■ **Task objective**: Copy all lines below exactly as written. Leave pictures out.

■ **Recorded information**:
------

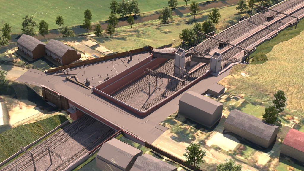 Here’s the view from a local (renewed) footbridge to the West of Deighton looking back to the station. The embankment around the station’s gradually being stripped back to make room for the relocated platforms which will be on the Slow lines, whilst the first part of the new alignments been laid – even though the short length of track’s completely isolated from the current running lines.
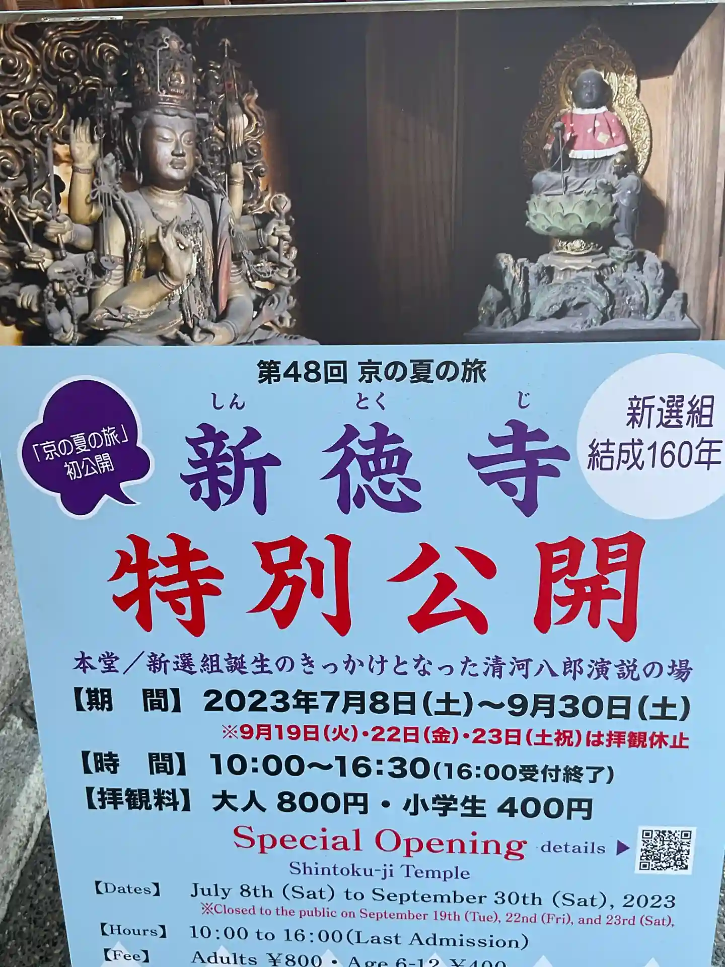 京の夏の旅特別公開で開いていたので参拝。新選組縁の地なのだからかこの界隈は若い子の参拝も多いようで…
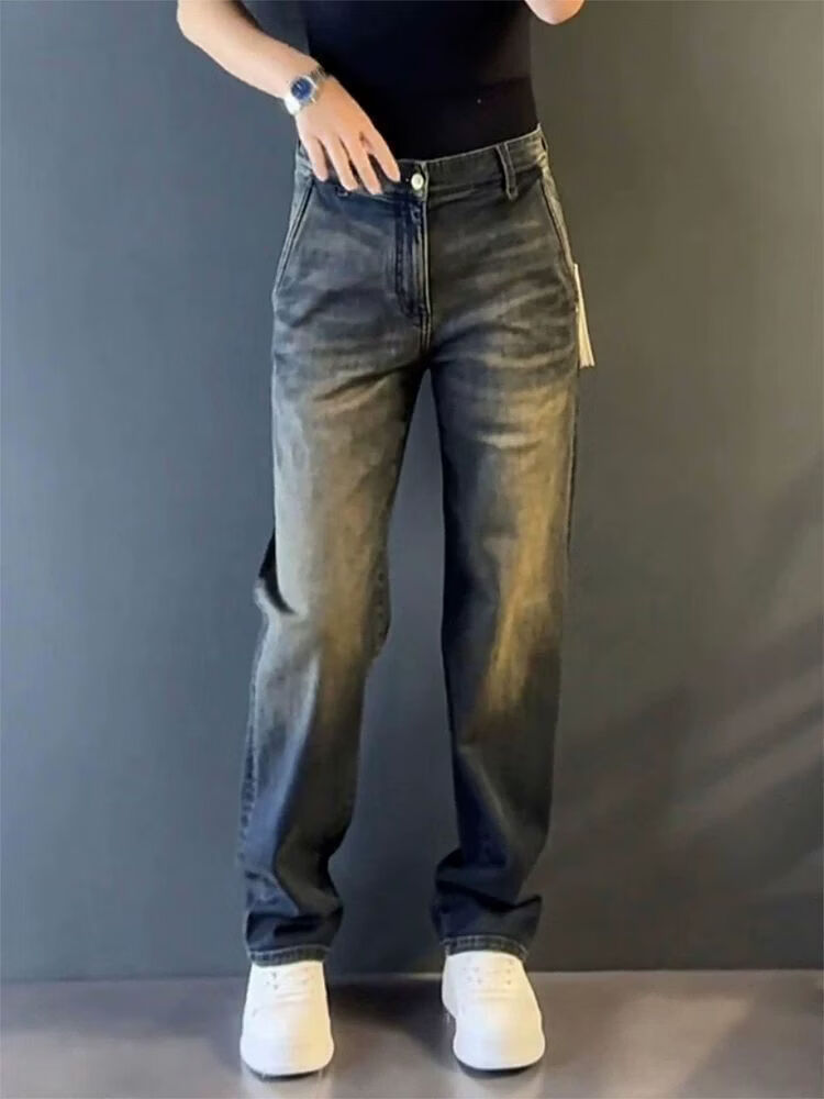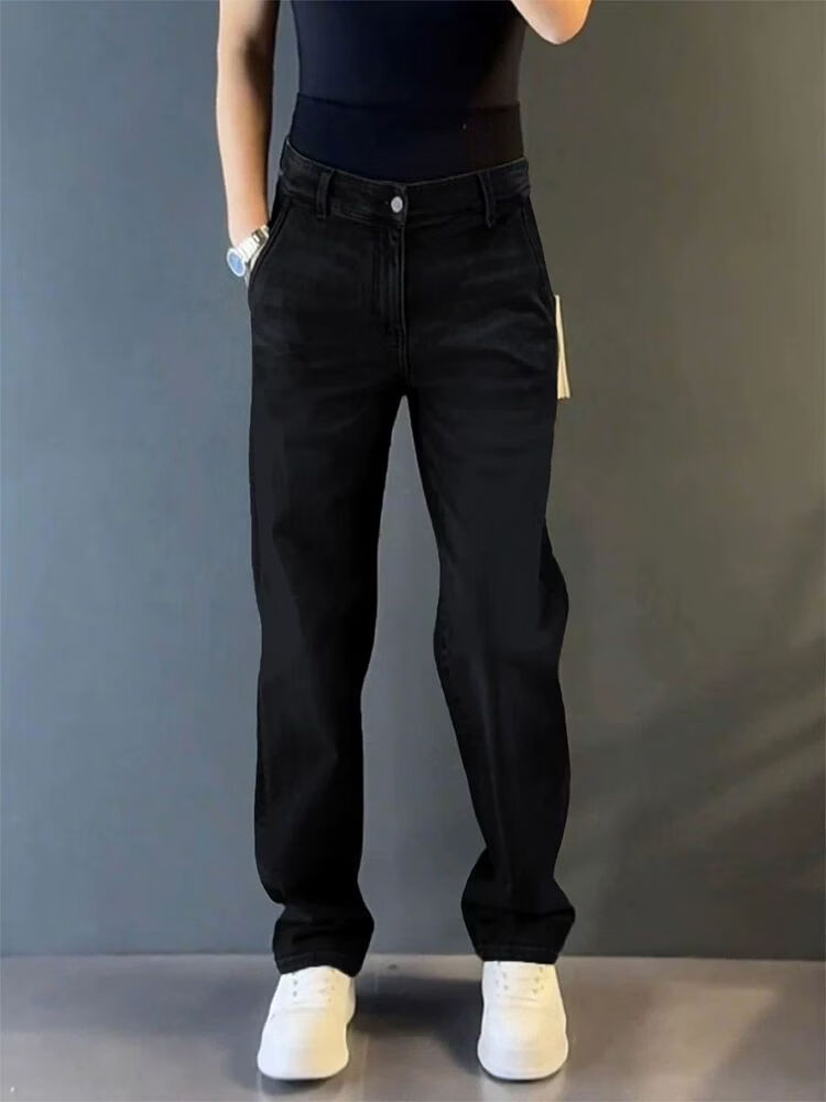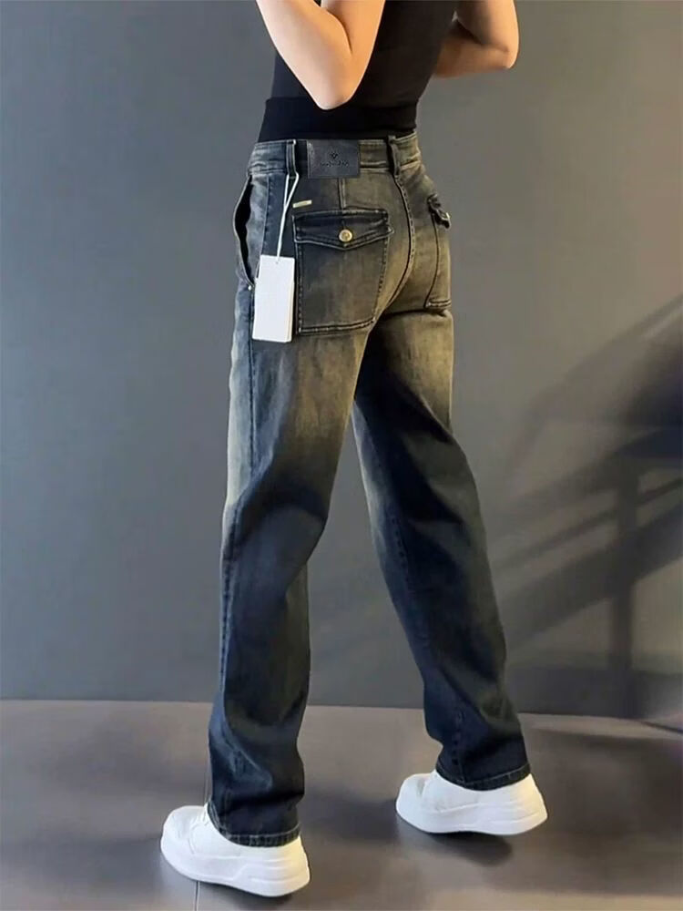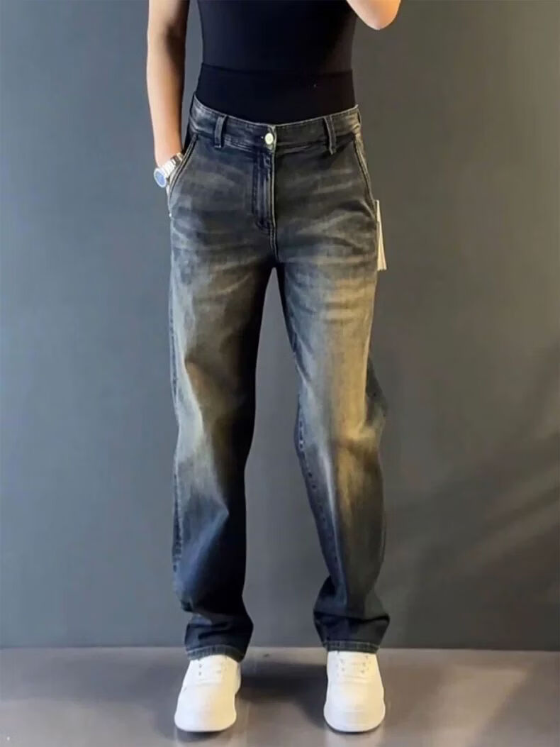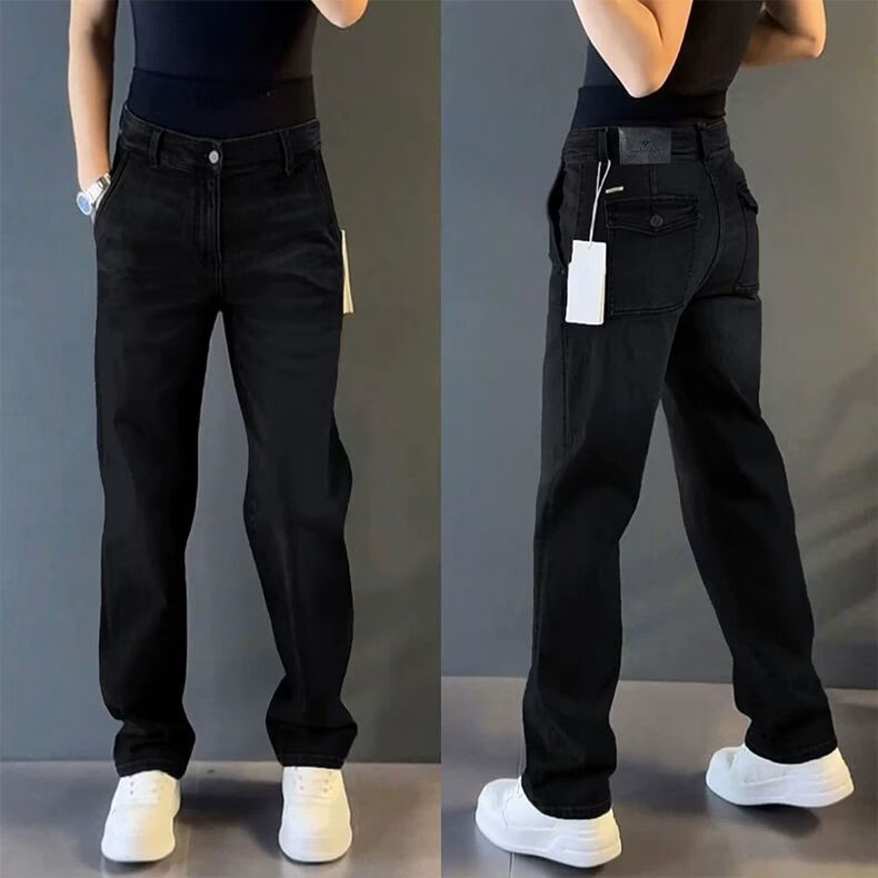 High-end light luxury new light luxury straight jeans men's autumn and winter versatile loose drape European casual pants blue 33 recommended 145-155 Jin Jin equals 0.5 kg

------

■ **Task response**:
 Here’s the view from a local (renewed) footbridge to the West of Deighton looking back to the station. The embankment around the station’s gradually being stripped back to make room for the relocated platforms which will be on the Slow lines, whilst the first part of the new alignments been laid – even though the short length of track’s completely isolated from the current running lines.
 京の夏の旅特別公開で開いていたので参拝。新選組縁の地なのだからかこの界隈は若い子の参拝も多いようで…
 High-end light luxury new light luxury straight jeans men's autumn and winter versatile loose drape European casual pants blue 33 recommended 145-155 Jin Jin equals 0.5 kg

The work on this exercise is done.